Confidence intervals of the divergence times, derived from sampling of a limited number of nucleotide characters, were estimated by the nonparametric bootstrap procedure (Baldwin and Sanderson, 1998
; Sanderson and Doyle, 2001
). Two hundred bootstrap trees were generated using PAUP*, enforcing the original ML topology as a constraint at each bootstrapping step. These bootstrap trees have identical topologies, but their branch lengths vary across trees because data matrices used to estimate branch lengths were bootstrapped. Branch lengths were estimated under the ML criterion using the same model described earlier. These 200 phylograms were used as source trees to estimate divergence times in r8s.
| RESULTS |
|---|
|
|
|---|
|
|
The amplification of the second intron of LEAFY produced a single band in agarose-gel electrophoresis except for P. alternans 253, from which an additional weak-intensity band was generated. All PCR products of LEAFY from species of Neillieae contained sequences of both exon 2 and exon 3 and intron/exon boundary sequences. The multiple alignment of the LEAFY sequences indicated that longer sequence from the additional faint band found in P. alternans 253 resulted from a unique insertion (257 bp) in the intron. With the exception of the longer sequence, the unaligned length of the second intron of LEAFY in Physocarpus ranged from 843 to 860 bp. The range of the length of the intron in Neillia and Stephanandra was from 581 to 622 bp except for the sequences from N. thibetica. The intron sequences from that species were about 1370 bp in length, and a 757-bp insertion was assumed in order to align the sequences with others. All of the LEAFY sequences from Neillieae were reliably aligned when several blocks of gaps were introduced, and the final alignment of the LEAFY data set consisted of 2038 sites, 57 of which were from exons.
Sequences of the second intron of LEAFY from outgroup species were, however, highly divergent from those of Neillieae, resulting in alignment problems (Oh and Potter, 2003
). The outgroups were therefore excluded from analyses of LEAFY data and the trees based on LEAFY sequences were rooted between Physocarpus and Neillia-Stephanandra, based on the results of Potter et al. (2002)
and of our analyses of the rDNA and cpDNA data in this study. The LEAFY data are the most variable among the three data sets (Table 2). The average pairwise sequence divergence of the LEAFY data among species in Neillieae was 1.7 and 9 times higher than that of the rDNA and cpDNA data, respectively.

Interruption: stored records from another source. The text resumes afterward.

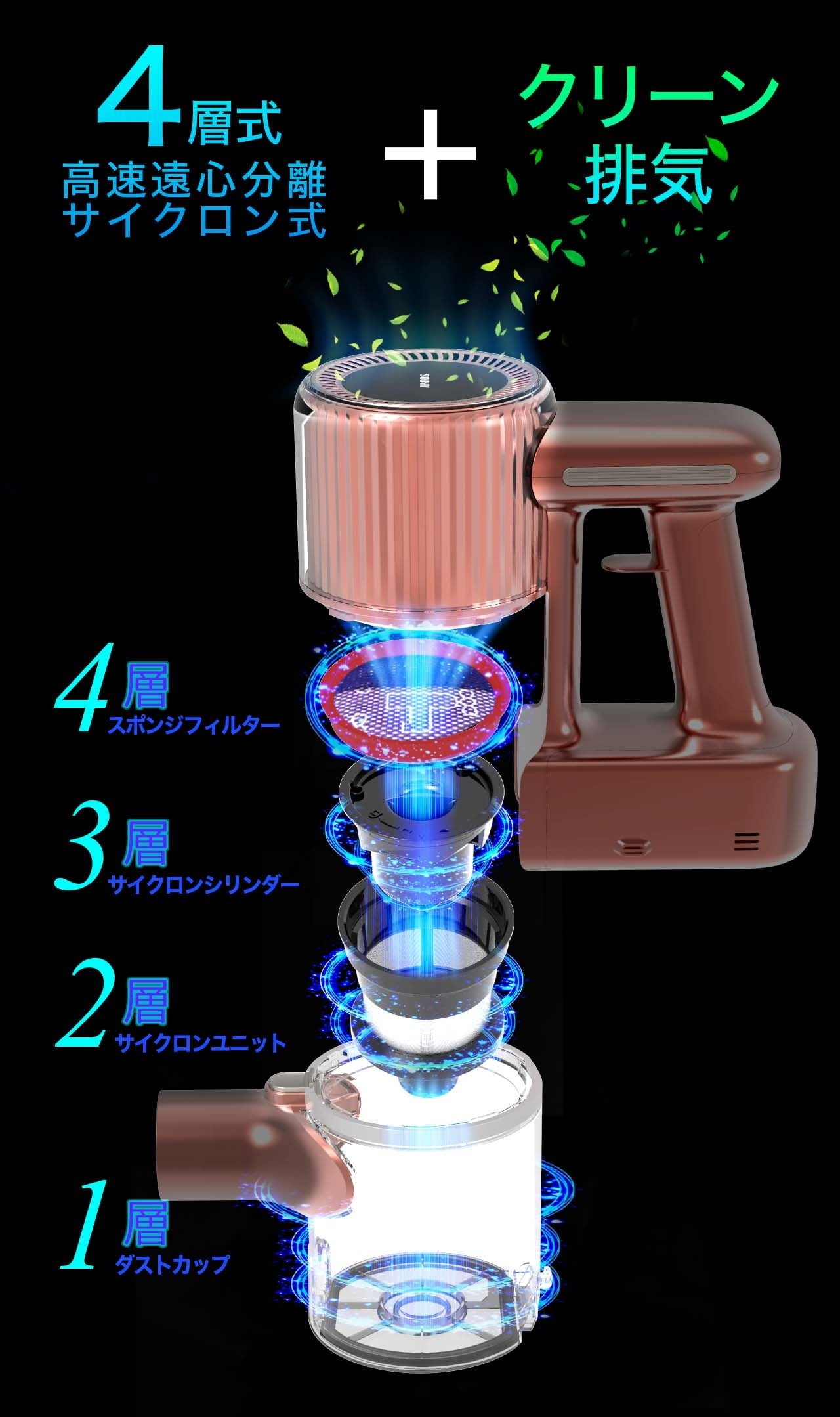 ②サイクロン式4層構造!高速回転で空気とゴミを遠心分離することでクリーンな排気を実現しました!
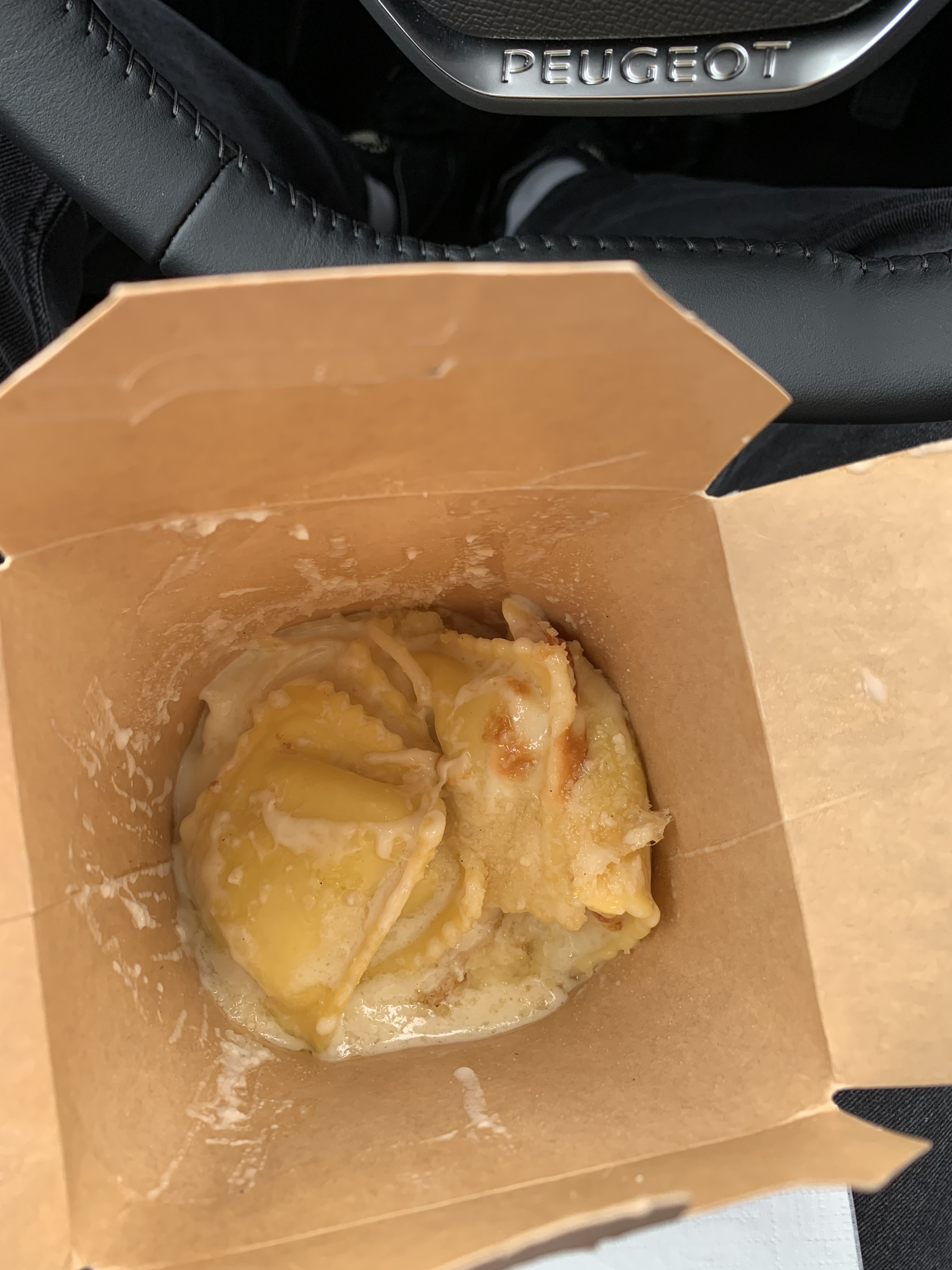 Merci pour la pasta box, 4 raviolis qui se battent en duel. 13.50€ pour ça ? Mon ventre crie encore famine !!! heureusement que j’avais mes curly dans le coffre. Passez votre chemin...
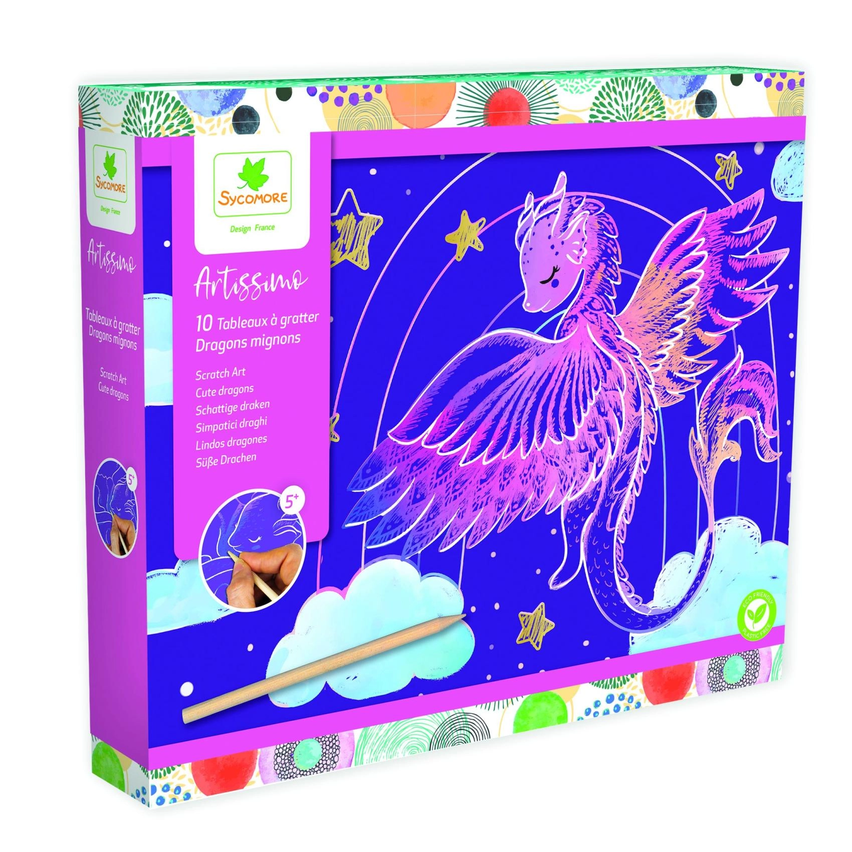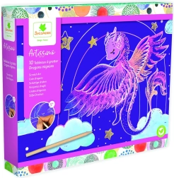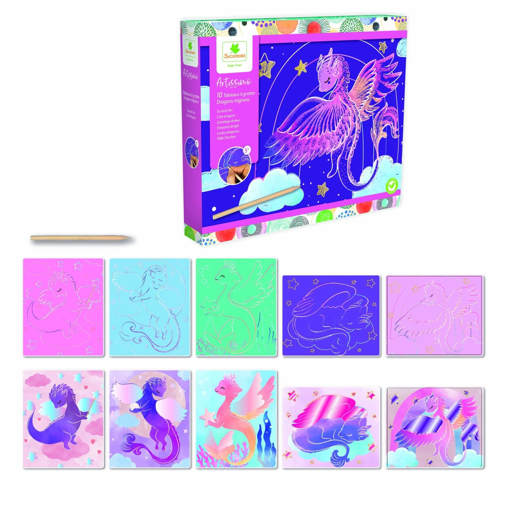 Креативен комплект за деца от 5 години с мотиви на сладки дракончета, който предлага часове творчество и радост. Съдържа 10 картинки, дървено стъргалце и инструкция. Лесни стъпки, красиви цветни мотиви и развитие на фината моторика го правят идеален подарък за малките творци.
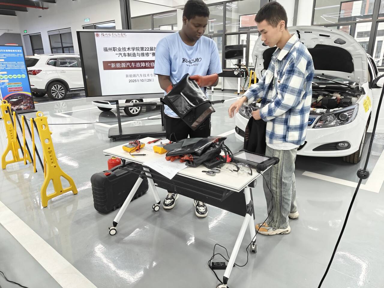 發(fā)布者:交通工程學(xué)院 發(fā)布時間:2025-10-30 瀏覽次數(shù):184 2025年10月29日,福州職業(yè)技術(shù)學(xué)院第22屆技能大賽“汽車制造與維修”賽道下的“新能源汽車故障檢修”賽項,在匠心樓汽車實訓(xùn)基地順利舉辦。 本次賽項聚焦新能源汽車產(chǎn)業(yè)人才需求,面向新能源汽車技術(shù)專業(yè)220名在校生(含2名國際生)開展初選,圍繞電池、電機、充電系統(tǒng)等核心模塊進行考核。最終26名學(xué)生(含1名國際生)組成13支隊伍晉級決賽。 決賽以“純電動汽車整車綜合故障排除”為主題,模擬高壓系統(tǒng)、動力系統(tǒng)等真實故障場景,重點考查選手的故障診斷與排除能力。各隊分工明確、操作規(guī)范,展現(xiàn)出良好的專業(yè)素養(yǎng)與團隊協(xié)作能力。國際生選手與隊友密切配合,展現(xiàn)了扎實技能與跨文化協(xié)作能力。 經(jīng)現(xiàn)場評委綜合評定,共決出金獎2隊、銀獎4隊、銅獎6隊。學(xué)院將持續(xù)推進“以賽促學(xué)、以賽促教”,深化課程改革與國際化辦學(xué),為新能源汽車產(chǎn)業(yè)輸送更多高素質(zhì)技術(shù)技能人才。 (陳家城/圖文)
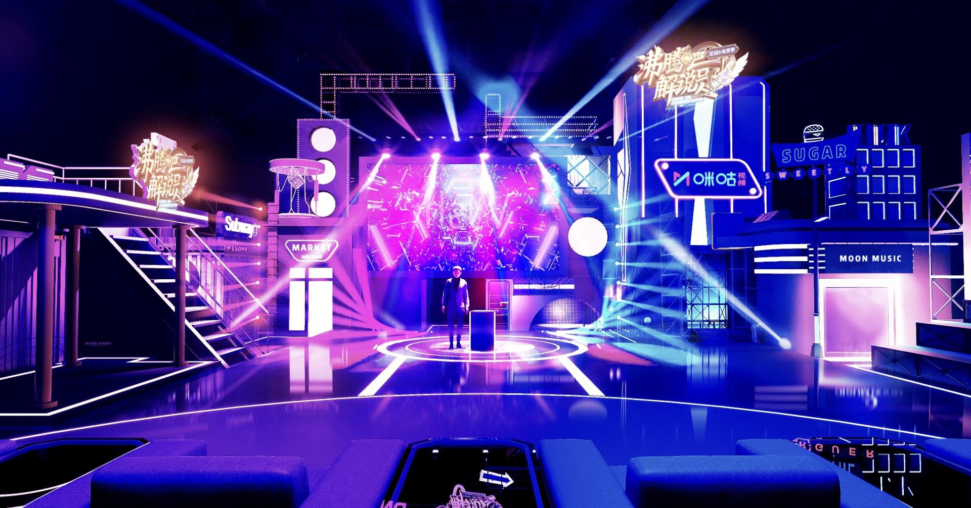 To amplify the visual impact and modernity, the set employs a three-dimensional layout. Geometric elements, such as polygonal light structures and luminous lines, are integrated into the background and decorations, adding depth and nuance to each performance while creating a more interactive space.
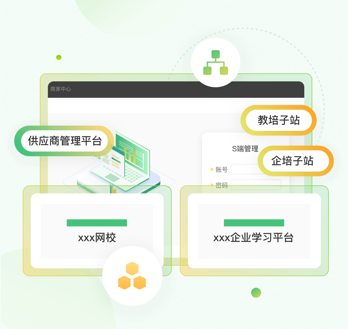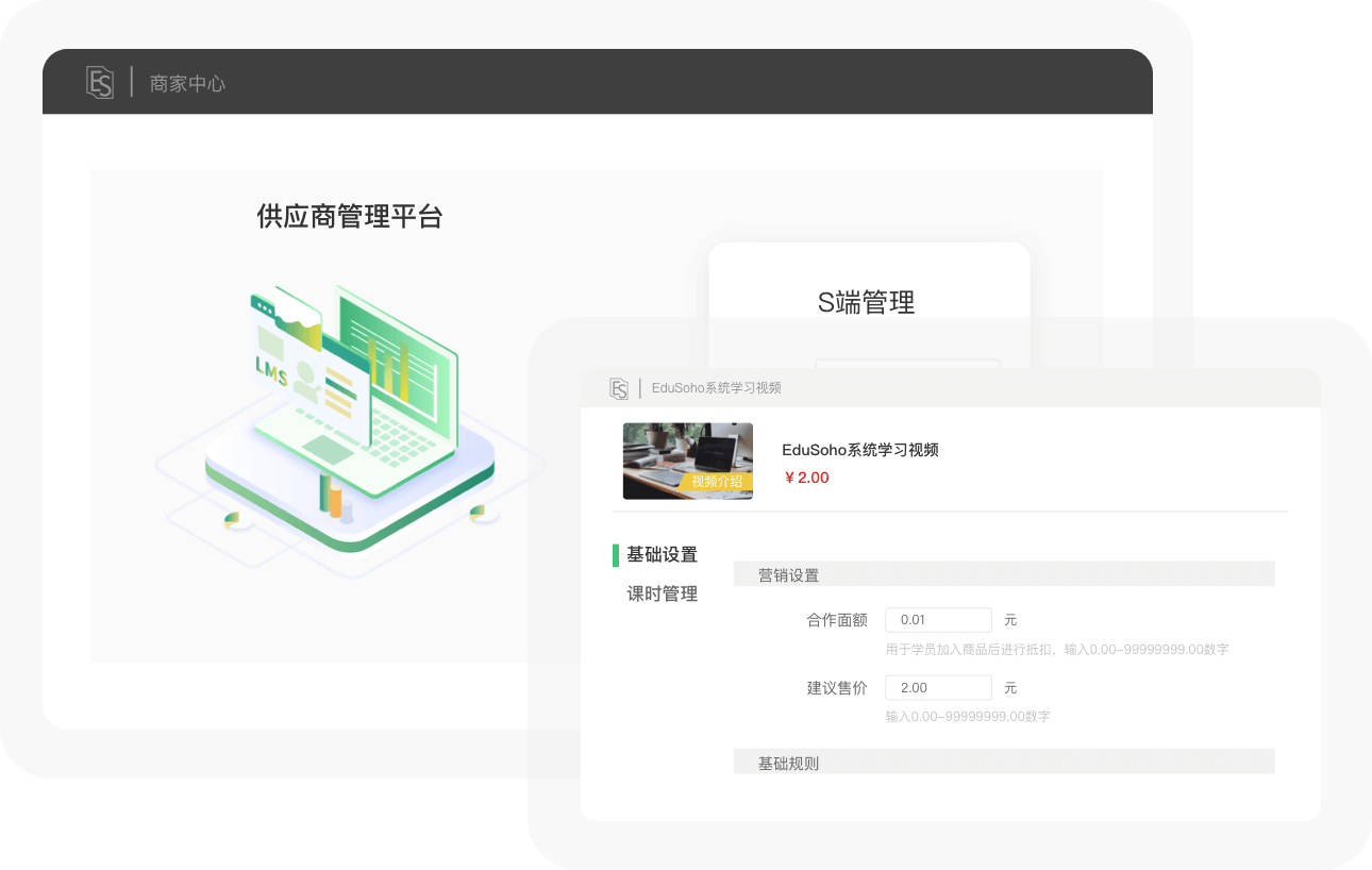 EduSoho分课支持EduSoho教培系统及EduSoho企培系统作为子站点,分别适用于培训机构对外招生授课及企业内部培训,功能详情可查看对应产品介绍

Separate phylogenetic analyses
Phylogenetic analysis of the cpDNA data set produced 30 MP trees (length = 295 steps, consistency index (CI), excluding uninformative characters = 0.92, retention index (RI) = 0.98), while 480 MP trees were found in the phylogenetic analysis of the rDNA data set (length = 397 steps, CI, excluding uninformative characters = 0.75, RI = 0.95). Both analyses revealed two strongly supported clades (Physocarpus and Neillia-Stephanandra) in Neillieae (Fig. 2). However, the relationship of Stephanandra with respect to Neillia was inconsistent between the two types of data. Stephanandra was supported as a monophyletic group and was nested within Neillia in the analysis of the cpDNA data (Fig. 2A), but this relationship was not resolved by the rDNA. While the MP analysis of rDNA data placed S. tanakae as sister to a weakly supported clade of Neillia, S. incisa and S. chinensis (Fig. 2B), the Bayesian analysis of the rDNA data suggested that both Neillia and Stephanandra are monophyletic (trees not shown). However, these alternative hypotheses of the rDNA data were poorly supported in both cases. Within the Physocarpus clade, the two accessions of P. alternans were sister to the rest of the species in Physocarpus in both rDNA and cpDNA analyses, but one of two accessions of P. monogynus (accession 269) was also placed in this position in cpDNA trees (Fig. 2A). The relationship of the eastern Asian species, P. amurensis, with respect to other species of Physocarpus was not well resolved in either analysis, but it certainly was not the first diverging lineage of Physocarpus.
|
|
|
Because the longer sequences of P. alternans were found only in accession 253 and because one of them, clone E, was sister to other shorter sequences (Fig. 3), we decided to include only the shorter sequence in the combined data set. However, we included two representative cloned LEAFY sequences per accession in the combined data for those accessions of P. malvaceus and P. monogynus that contained two distinct sequence types.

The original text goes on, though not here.